Mind the Gap
July 30, 2024
When you make up your mind to stay with the breath, one of the first things you notice is how often it disobeys. It starts wandering off someplace else. You can ask yourself, what happened? There was a lapse of mindfulness. Just a little gap. But you can lose a lot of things in a little gap.
It’s like walking off a platform into a subway and all of a sudden, if there’s a hole in your pocket, all your money goes out into the little gap between the subway and the platform. So be very careful. There will be these gaps, but you have to learn how to bridge them. Learn how to bore through them without losing anything.
One of the ways, of course, is to try to make the breath as interesting as possible. Here it is, the energy that keeps you alive, and it’s coursing through the body all the time. When the Buddha talks about breath, he’s not talking about the air coming in and out through the nose. It’s not a tactile sensation. It’s the property of the body itself.
So where do you feel it? If you get really sensitive, can you feel it in more parts of the body? It’s like listening to music far away. If you want to hear the details of the music, you have to make yourself very, very quiet. To understand the subtleties of the breath, to sense the subtleties of the breath, you have to get yourself quiet, too.

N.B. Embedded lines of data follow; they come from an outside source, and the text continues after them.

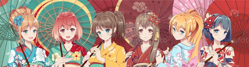 Группа девушек аниме манга в традиционном японском костюме кимоно, держащих бумажный зонтик. Векторная иллюстрация на изолированном фоне
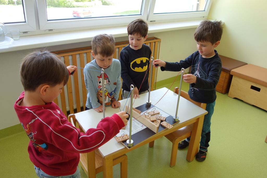 Osebje Hiše eksperimentov se je v jutranjih urah s kombijem pripeljalo do vrtca. V telovadnici so na mizah pripravili 60 mobilnih interaktivnih eksperimentov. Vsak eksperiment je vseboval potrebne pripomočke in kratka, ilustrirana navodila, ki so nam omogočala karseda samostojno raziskovanje. Med eksperimentiranjem smo postavljali vprašanja in sami aktivno iskali odgovore nanje. Spoznali smo, da je Luna močno oddaljena od planeta Zemlje in da dovolj močan magnet lahko ustavi peščeno uro z železnim prahom. Ko smo pogledali skozi lupo, je bil svet popolnoma drugačen - obrnjen na glavo, če smo si nadeli barvna očala, pa nenavadno barvit. Izvedli smo ogromno različnih eksperimentov in prav vsak je na naš obraz narisal velik nasmeh. Skupaj z osebjem Hiše eksperimentov smo tudi preko napak odkrivali nova znanja in spoznavali, da je učenje lahko res zanimivo.
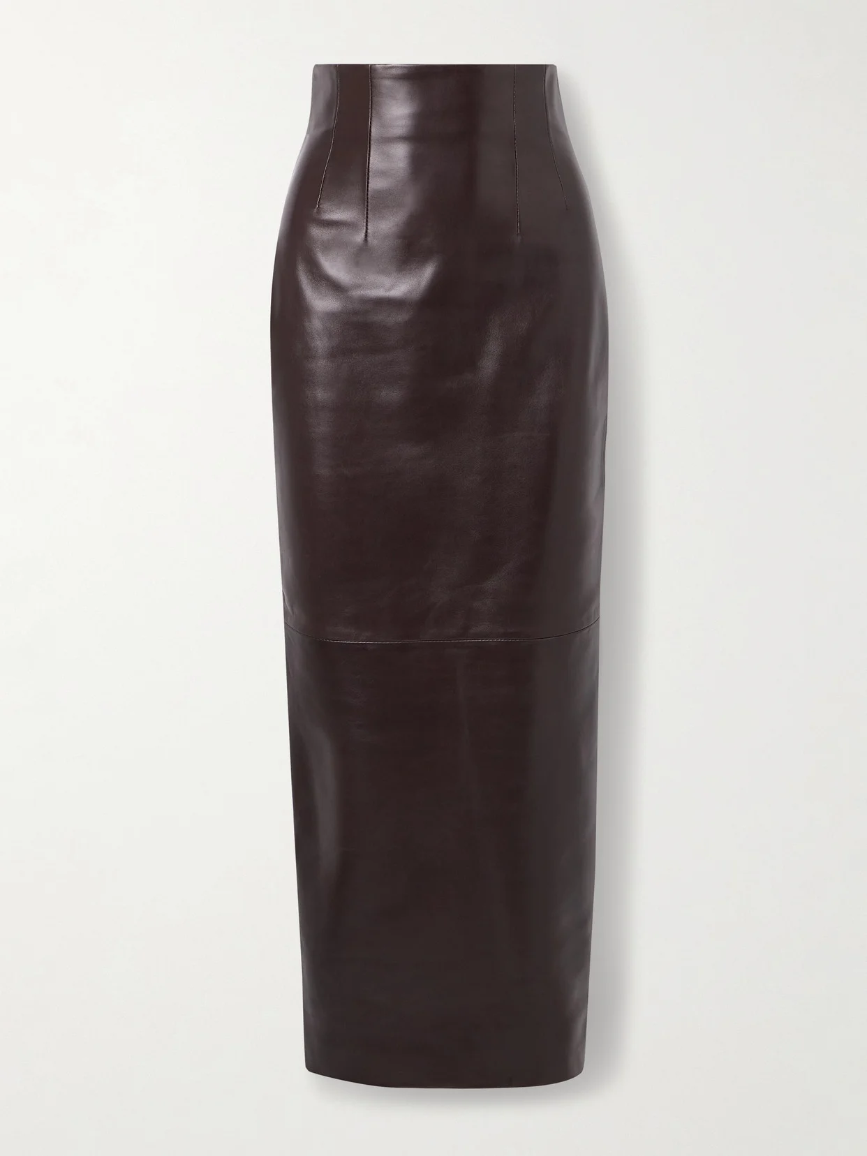 KHAITE's 'Loxley' skirt feels so refined thanks to its minimal column silhouette. As seen on the runways, this leather version has a darted waist and falls to an ankle-grazing hem that's split along the back. The smoothing crepe de chine lining stops it from clinging.
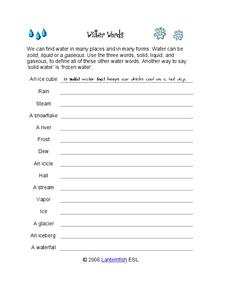 In this defining water words worksheet, students read an example of water in a specific state of matter and names of water forms and use them to create definition sentences. Students write 14 sentences.
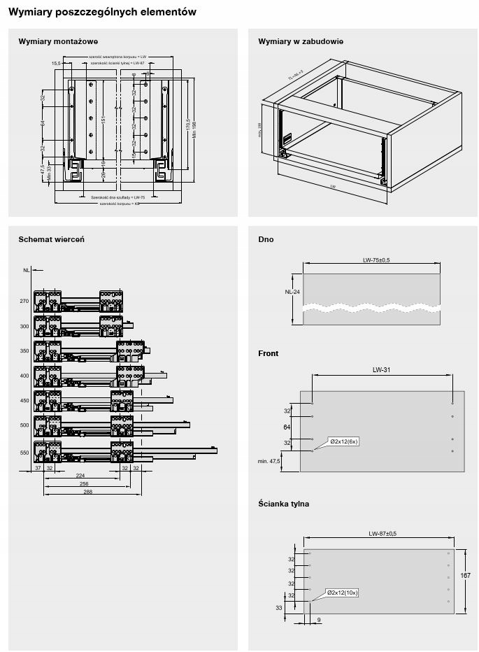 Komplet składa się z metalowych boków w kolorze białym i kompletu prowadnicy z pełnym wysuwem. Dno i ściankę tylną szuflady należy dorobić w własnym zakresie. Zaletą jest to fakt, że wymiary dna oraz pleców jak i otworowanie na froncie oraz boku mebla jest identyczne jak chociażby w szufladach marki Blum Tandem Box czy GTV Axis Pro.
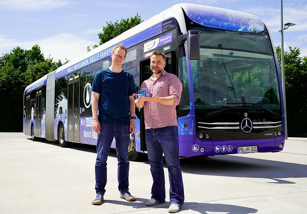 Am Freitag, 21. Juni, nehmen Wissenschaftler der Universität Paderborn alle Interessierten mit auf eine spannende und kurzweilige Reise in die Welt des Wasserstoffs. Von 16 bis 18 Uhr führen sie zusammen mit dem Publikum Experimente rund um den Energieträger durch. Das Besondere: Die Experimente finden ebenso wie kurze Vorträge im eCITARO fuel cell statt, den der PaderSprinter auf dem Rathausplatz parkt. Den Elektrobus mit Reichweitenverlängerung durch Wasserstoffbrennstoffzellen lieferte Mercedes-Benz als weltweit ersten seiner Art nach Paderborn aus. Die Plätze sind begrenzt, Anmeldungen sind per E-Mail an gabriele.lang@zv.uni-paderborn.de möglich.
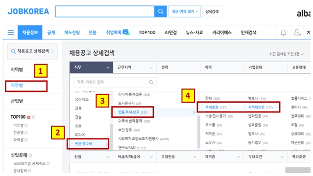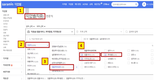 [직업별] → [전문직] → [법률‧특허‧상표] → [법률서비스] + [특허출원] + [지식서비스] 순으로 선택하면 채용정보를 확인할 수 있습니다.
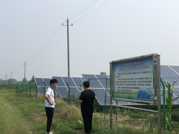 在濮阳县王称堌镇北王楼村驻村调查时,扶贫小组的冯主任带领队员们参观了山药种植扶贫项目,放眼望去,一排排尚未成熟的山药有序的坐落于田间,虽然目前山药种植尚未取得成果,但待后期生产线销售线完备后,预计将会为每户贫困户带来1800元的直接经济效益。随后,队员们来到村里的一座光伏扶贫电站,据了解,这些电站不仅为北王楼村提供了电力资源,而且每座发电站每年可以为15户贫困户分红3000元。
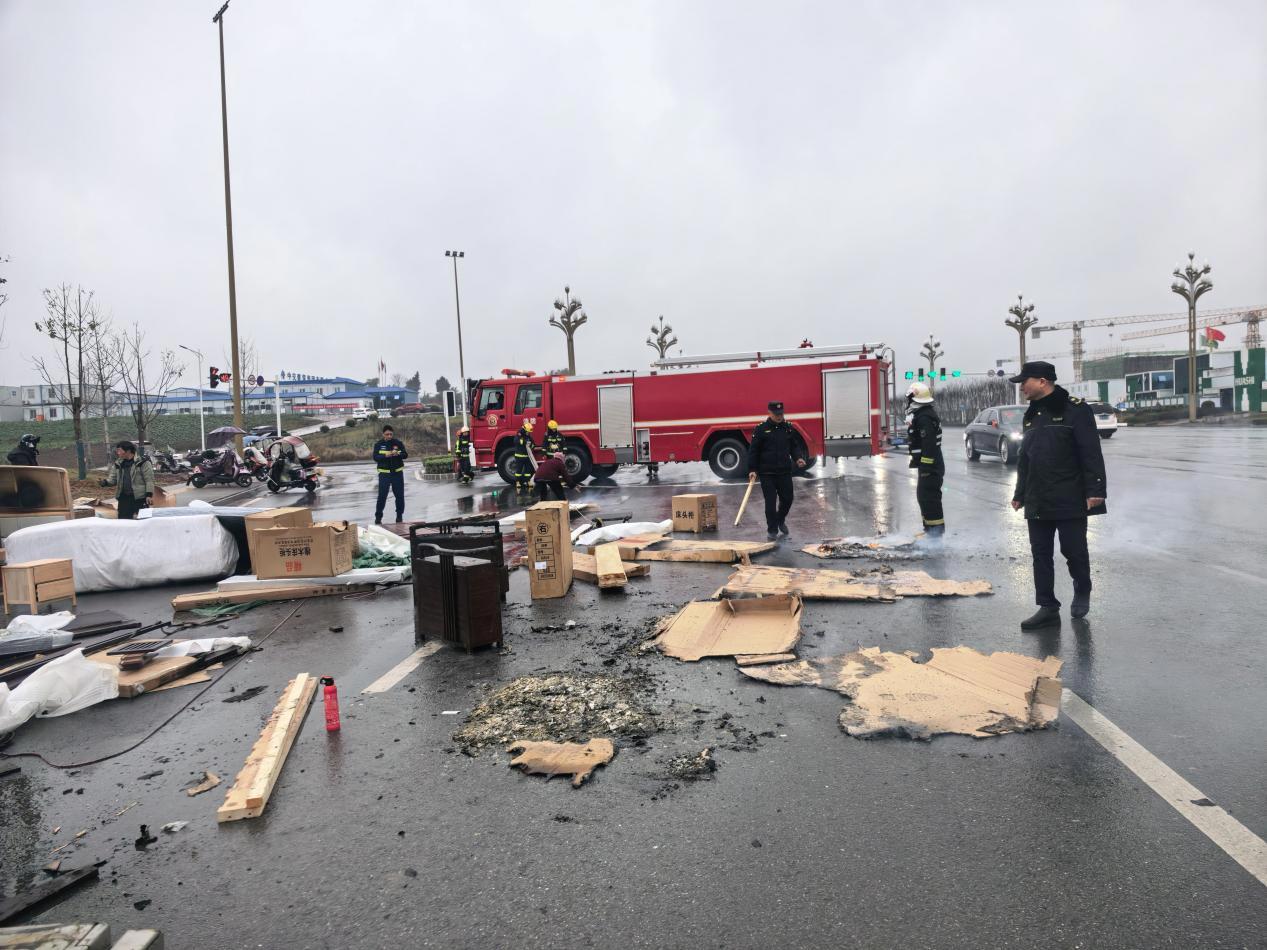工作人员汤振宇一边拨打119报警电话、详细报告现场情况,一边取出干粉灭火器对准货车起火部位进行扑救;另一名工作人员杨红燕则登上货车后厢,协助司机抢救货物。
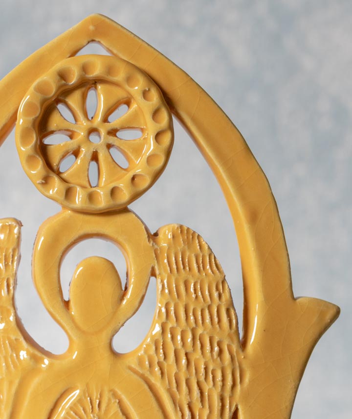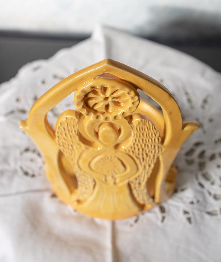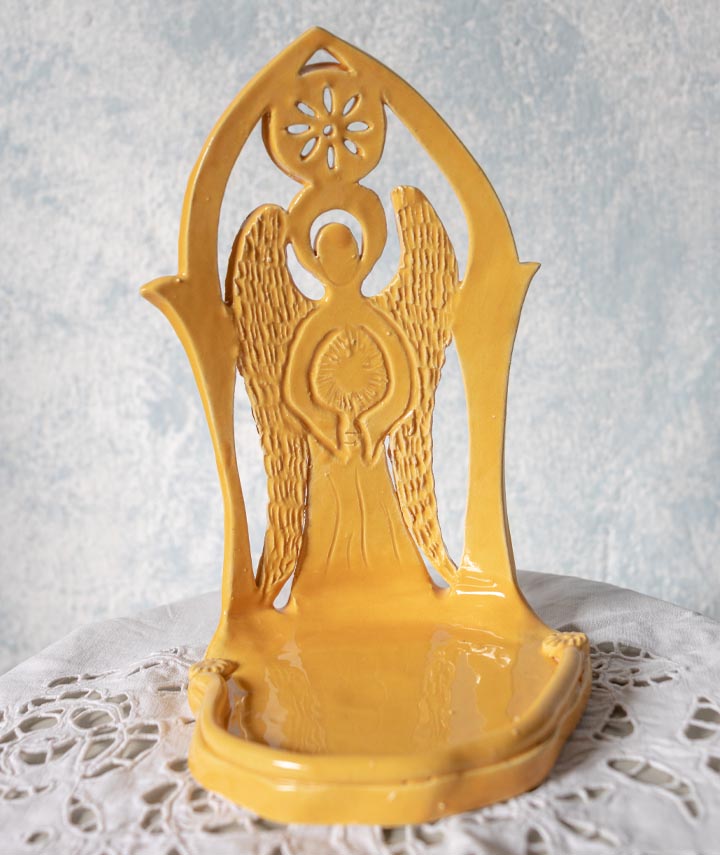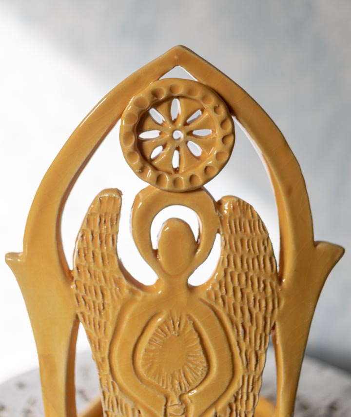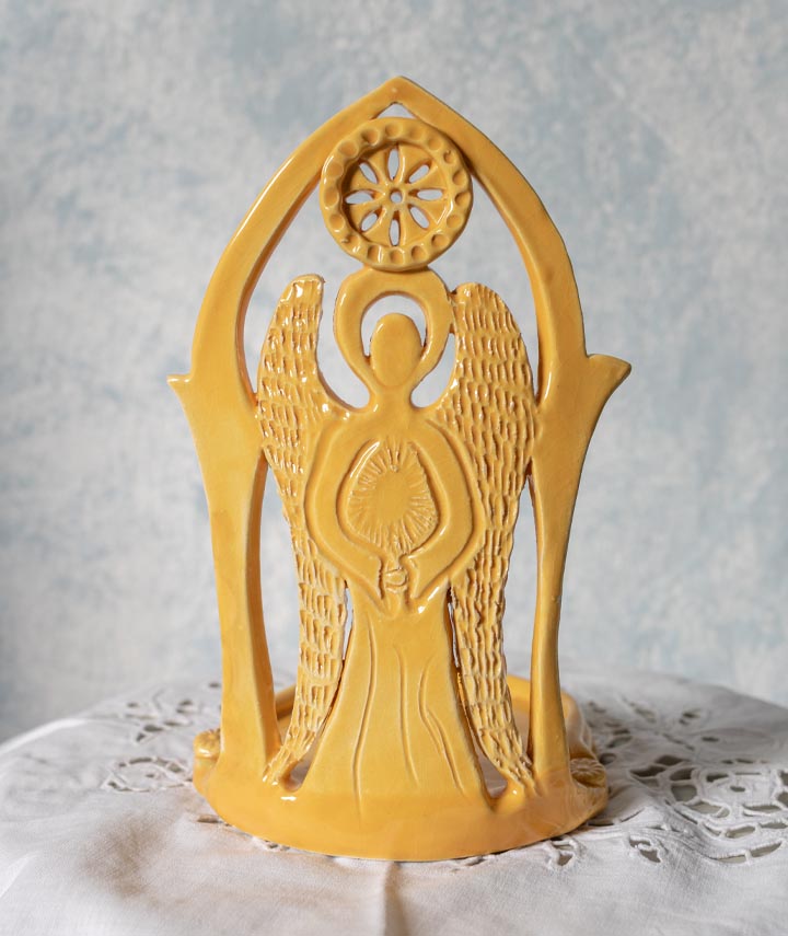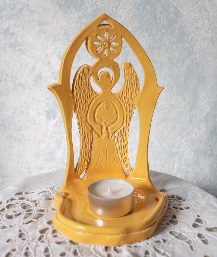 Gelb Schutzengel Teelichthalter, Kerzenhalter – Keramik – Handgemacht
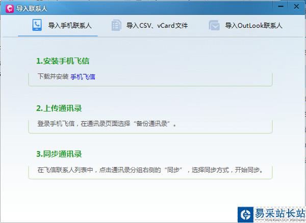 在飛信2014通訊錄的右邊有個導入按鈕,打開之后就可以看到聯系人導入向導,一共三種方式,大家可以按照向導提示進行操作!

Where is the breath in your legs right now? Where is it in your feet and toes? Where is it in your arms? Your fingers? Make a survey all around.
This is where you learn to depend on yourself. As the Buddha said, the self has to be its own mainstay—because who else can be your mainstay? You have to make yourself reliable. If you can’t rely on yourself, who are you going to rely on?
So you’ve got to develop those good qualities inside. They start out with something simple like this: You wander off; you come right back. Wander off, come right back. It may get a little tedious after a while, and you ask yourself which is more tedious, the wandering off or the coming back? It’s the wandering off. You’ve been doing that for a long, long time. Now is the time to learn some new skills: skills of mindfulness, skills of alertness, skills of ardency—really trying to do this well.
When you learn that you can depend on yourself in this way, you become a lot more dependable in other ways as well. You can use this mindfulness, you can use this alertness throughout the day. This is how you make yourself safe. Because that’s what a mainstay is for: someone to provide protection.
So. Learn how to provide protection for yourself. Whatever goodness you do, that’s part of making yourself a reliable person. So it’s not just the meditation, it’s also the generosity, the virtue—all the things the Buddha said lead to your long-term welfare and happiness. Those are the things that protect you. From what? Well, from your own bad impulses.
So the problem is inside, but the solution lies inside as well. Look for it. It’s there.